REQUIRED ACTION —
Only the tail of the listing is wanted: the line containing "Vintage owl shaped" and all after it, repeated exactly, pictures omitted.

::::

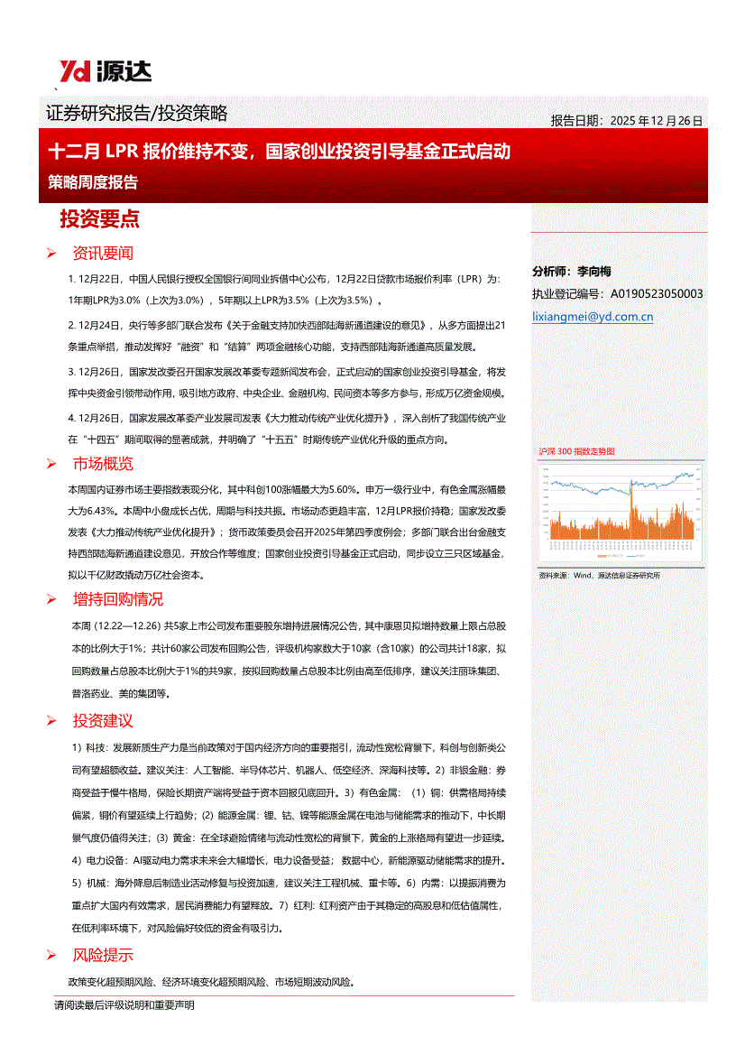 源达信息-策略周度报告:十二月LPR报价维持不变,国家创业投资引导基金正式启动-251226
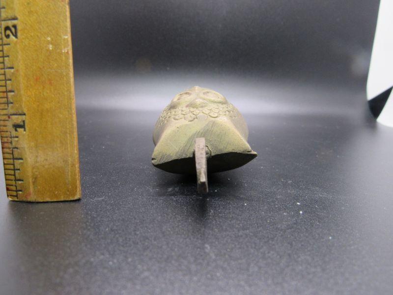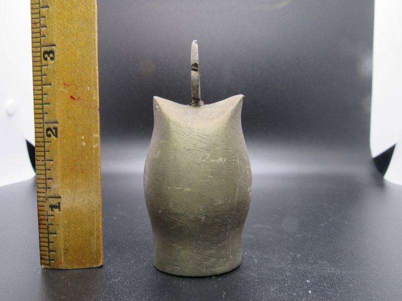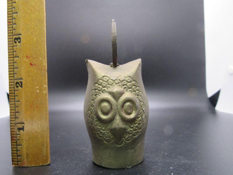 Vintage owl shaped brass bell. Stamped features and details. About 3" size. #001-0032
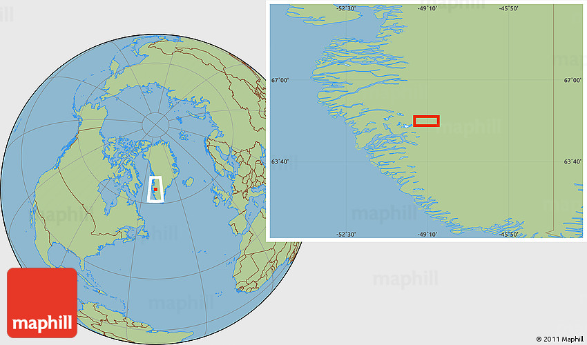 Maphill is a collection of map images. This image combines a savanna style map with the globe centered on the area around 65° 18' 57" N, 49° 13' 30" W. Use the buttons under the image to switch to different map types.
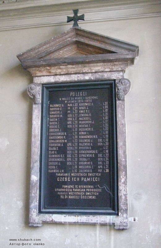 Встановлена на фасаді костелу Всіх святих в пам'ять парафіян, які загинули у 1914-1920 роках. «Полеглим у боротьбі за віру і Батьківщину». Дошка встановлена з ініціативи парафіяльного священика доктора отця Марцелія Годлевського.
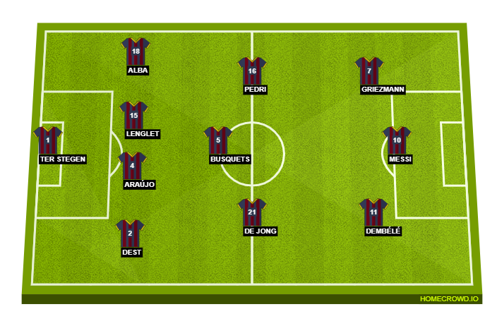 Probable Lineup (4-3-3): ter Stegen; Dest, Araujo, Lenglet, Alba; de Jong, Busquets, Pedri; Dembele, Messi, Griezmann

::::

EXERCISE SOLUTION —
 Vintage owl shaped brass bell. Stamped features and details. About 3" size. #001-0032
 Maphill is a collection of map images. This image combines a savanna style map with the globe centered on the area around 65° 18' 57" N, 49° 13' 30" W. Use the buttons under the image to switch to different map types.
 Встановлена на фасаді костелу Всіх святих в пам'ять парафіян, які загинули у 1914-1920 роках. «Полеглим у боротьбі за віру і Батьківщину». Дошка встановлена з ініціативи парафіяльного священика доктора отця Марцелія Годлевського.
 Probable Lineup (4-3-3): ter Stegen; Dest, Araujo, Lenglet, Alba; de Jong, Busquets, Pedri; Dembele, Messi, Griezmann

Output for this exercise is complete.